For large or approximately low-rank genomic matrices, it can be useful to
benchmark solver = "exact" against solver = "lobpcg" on a representative
subset, such as chromosome 22, before tuning accuracy-related parameters.
For slide_imp(), this may include window_size and overlap_size.
The default threshold = 1e-6 is conservative. In many genomic datasets,
threshold = 1e-5 can be faster while giving very similar imputed values.

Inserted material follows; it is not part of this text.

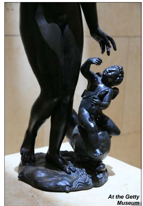
At the Getty Museum

Check this on a representative subset before using the relaxed threshold in a
full analysis.
See the pkgdown article Speeding up PCA imputation for a full workflow.
Examples
set.seed(1234)
to_test <- sim_mat(10, 20, perc_total_na = 0.05, perc_col_na = 1)
obj <- to_test$input
group <- to_test$col_group
head(group)
#> feature group
#> 1 feature1 group2
#> 2 feature2 group1
#> 3 feature3 group1
#> 4 feature4 group2
#> 5 feature5 group1
#> 6 feature6 group1
# Simple grouped K-NN imputation
results <- group_imp(obj, group = group, k = 2, .progress = FALSE)
#> Imputing 2 groups using KNN.
#> Running mode: sequential
results
#> Method: group_imp (KNN imputation)
#> Dimensions: 10 x 20
#>
#> feature1 feature2 feature3 feature4 feature5 feature6
#> sample1 0.1568098 0.3213953 0.2768746 1.0000000 0.07839046 0.4219375
#> sample2 0.4098416 0.8658918 0.8221066 0.6396885 0.68926345 1.0000000
#> sample3 0.6801685 1.0000000 1.0000000 0.9953450 0.75246030 0.6958550
#> sample4 0.0000000 0.0000000 0.0000000 0.0000000 0.00000000 0.0000000
#> sample5 0.9639671 0.6409137 0.5111760 0.7184678 0.81815288 0.5883255
#> sample6 0.7031741 0.3731062 0.6782811 0.7542872 0.99910554 0.9070005
#> # Showing 6 of 10 rows and 6 of 20 columns
# Impute only a subset of features
subset_features <- sample(to_test$col_group$feature, size = 10)
knn_subset <- group_imp(
obj,
group = group,
subset = subset_features,
k = 2,
.progress = FALSE
)
#> Imputing 2 groups using KNN.
#> Running mode: sequential
# Use prep_groups() to inspect and edit per-group parameters
prepped <- prep_groups(colnames(obj), group)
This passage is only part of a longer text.